# ACTIVITY
Below are records that hold pictures; write out only the lines from their start through the line with "- Please note", exactly, and drop the pictures.

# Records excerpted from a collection
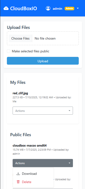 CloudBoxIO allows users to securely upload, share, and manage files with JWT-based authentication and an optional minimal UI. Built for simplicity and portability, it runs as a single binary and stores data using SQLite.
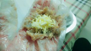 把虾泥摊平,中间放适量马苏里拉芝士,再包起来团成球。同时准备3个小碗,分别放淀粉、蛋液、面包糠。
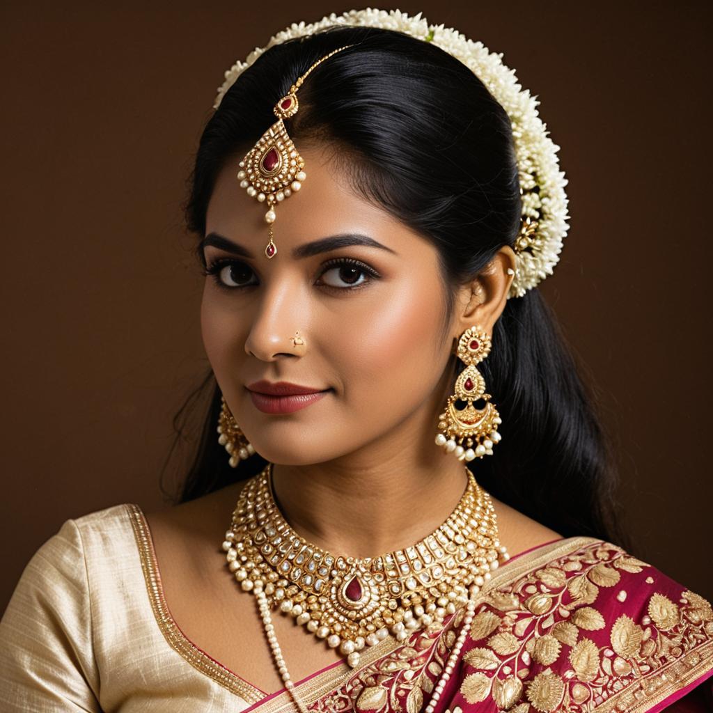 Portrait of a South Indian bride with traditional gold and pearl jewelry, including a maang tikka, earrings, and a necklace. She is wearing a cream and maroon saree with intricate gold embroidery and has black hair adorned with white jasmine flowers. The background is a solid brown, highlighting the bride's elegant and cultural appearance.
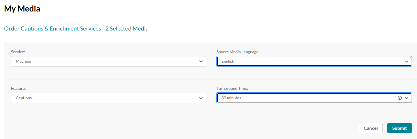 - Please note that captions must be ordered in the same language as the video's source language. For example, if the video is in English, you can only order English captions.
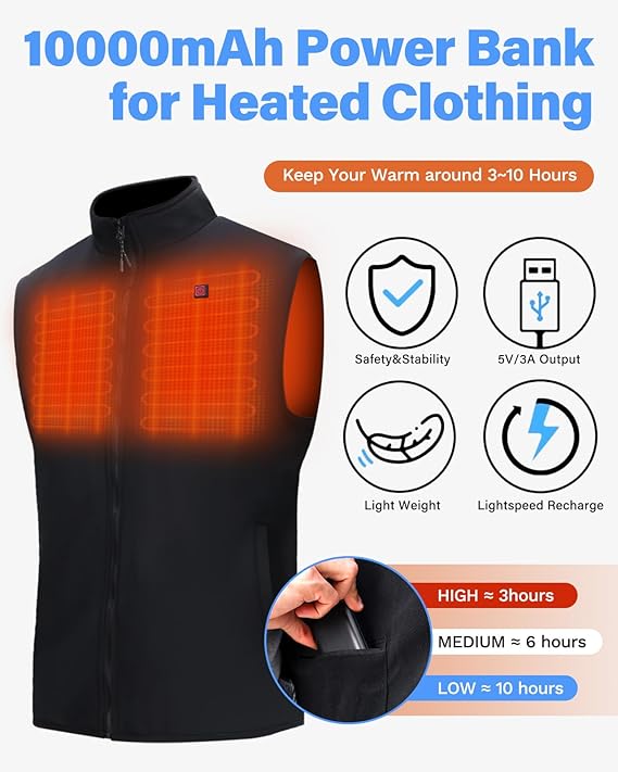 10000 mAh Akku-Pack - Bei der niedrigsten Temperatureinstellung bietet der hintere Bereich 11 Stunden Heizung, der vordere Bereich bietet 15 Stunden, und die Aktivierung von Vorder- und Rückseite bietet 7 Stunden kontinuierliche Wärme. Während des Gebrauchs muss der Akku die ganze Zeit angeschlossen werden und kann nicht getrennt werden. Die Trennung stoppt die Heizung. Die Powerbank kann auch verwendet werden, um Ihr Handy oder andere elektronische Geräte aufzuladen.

# SOLUTION
 CloudBoxIO allows users to securely upload, share, and manage files with JWT-based authentication and an optional minimal UI. Built for simplicity and portability, it runs as a single binary and stores data using SQLite.
 把虾泥摊平,中间放适量马苏里拉芝士,再包起来团成球。同时准备3个小碗,分别放淀粉、蛋液、面包糠。
 Portrait of a South Indian bride with traditional gold and pearl jewelry, including a maang tikka, earrings, and a necklace. She is wearing a cream and maroon saree with intricate gold embroidery and has black hair adorned with white jasmine flowers. The background is a solid brown, highlighting the bride's elegant and cultural appearance.
 - Please note that captions must be ordered in the same language as the video's source language. For example, if the video is in English, you can only order English captions.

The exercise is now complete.